Accordingly, an average grain diameter of toner supplied to the developing unit 3 relates to the roughness of the minute irregularities formed on the surface of the toner supplying roller 7 and the average grain diameter of toner to be used. But, since there is generally a high probability that toner having small grain diameter is held in the minute irregularities and toner having big grain diameter is scrapped off by the regulating blade 10, toner having small grain diameters has a preference to be consumed. That is, grain diameter of toner to be used is sorted.
Then, when the toner is replenished the toner hopper 4, a preference is firstly given to toner having small grain diameter to be supplied to form a minute image. After that, when toner having big grain diameter becomes to be supplied in accordance with increasing the number of sheets of the paper to be copied, the following problems arise. That is, according to increasing grain diameter of toner, the bigger toner to be supplied becomes, the more the charging property of toner falls. Thus, texture of the image becomes rougher and is caused on the copied paper so that the quality of the image on the copied paper becomes bad.

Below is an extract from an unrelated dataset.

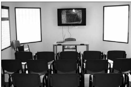
Además, cuenta con una sala de proyección de videos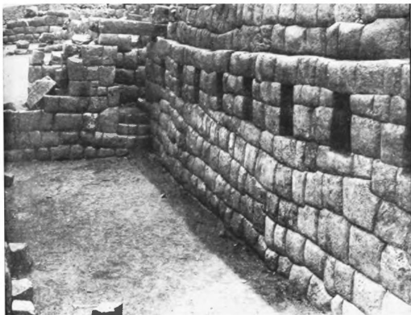
Habitación con portada y hornacinas, en la parte alta y al lado oeste de la ciudadela. Cusco.

Hereinbelow, a result of a concrete experiment about the sorting of grain diameter of toner is described.
The experiment was performed as follows: toner having average grain diameter of about 14 .mu.m was inserted into the toner hopper of the developing apparatus 1' as shown in FIG. 12. The grain diameter of toner was measured after each specified number of the copied paper at a measured point B on the surface of the photosensitive drum 100 after passing through the region confronting the developing sleeve 6, a measured point C in the toner hopper 4, and a measured point D on the surface of the toner supplying roller 7 after passing through the vicinity of the distal end of the regulating blade 10, respectively.
The results of the experiment is shown in FIG. 13. As is clear from the drawing in FIG. 13, though the value of the toner average grain diameter measured at the measured point C in the toner hopper 4 was firstly about 14 .mu.m, the value increased in accordance with increasing the number of sheets of the copied paper. And thus the value reached about 16 .mu.m in about 1,000 sheets of the copied papers and about 20 .mu.m in about 2,000 sheets of the copied papers.
The value of the toner average grain diameter measured at the measured point D after passing through the vicinity of the distal end of the regulating blade 10, and the value of the toner average grain diameter measured at the measured point B on the surface of the photosensitive drum 100 were respectively about 12 .mu.m and about 12.5 .mu.m, fewer less than 14 .mu.m which is the value of the average grain diameter of toner firstly inserted into the toner hopper. But, the values increased in accordance with increasing the grain diameter of toner in the toner hopper 4, and thus were respectively about 13.2 .mu.m and about 13.6 .mu.m for 1,000 sheets of the copied papers. Then, the values were respectively about 16.4 .mu.m and about 17 .mu.m for 2,000 sheets of the copied papers, much more than that of average grain diameter of toner firstly inserted into the toner hopper.
Meanwhile, though the qualities of the images on the copied papers were good in 1,000 sheets of the copied papers, the qualities thereof became rougher in 2,000 sheets of the copied papers and fog was found on the copied papers additionally.
Although not shown in FIG. 13, after the number of sheets of the copied papers reached 2,000, new toner having average grain diameter of 14 .mu.m was replenished in the toner hopper 4. After that, a lot of fog was found on several copied papers.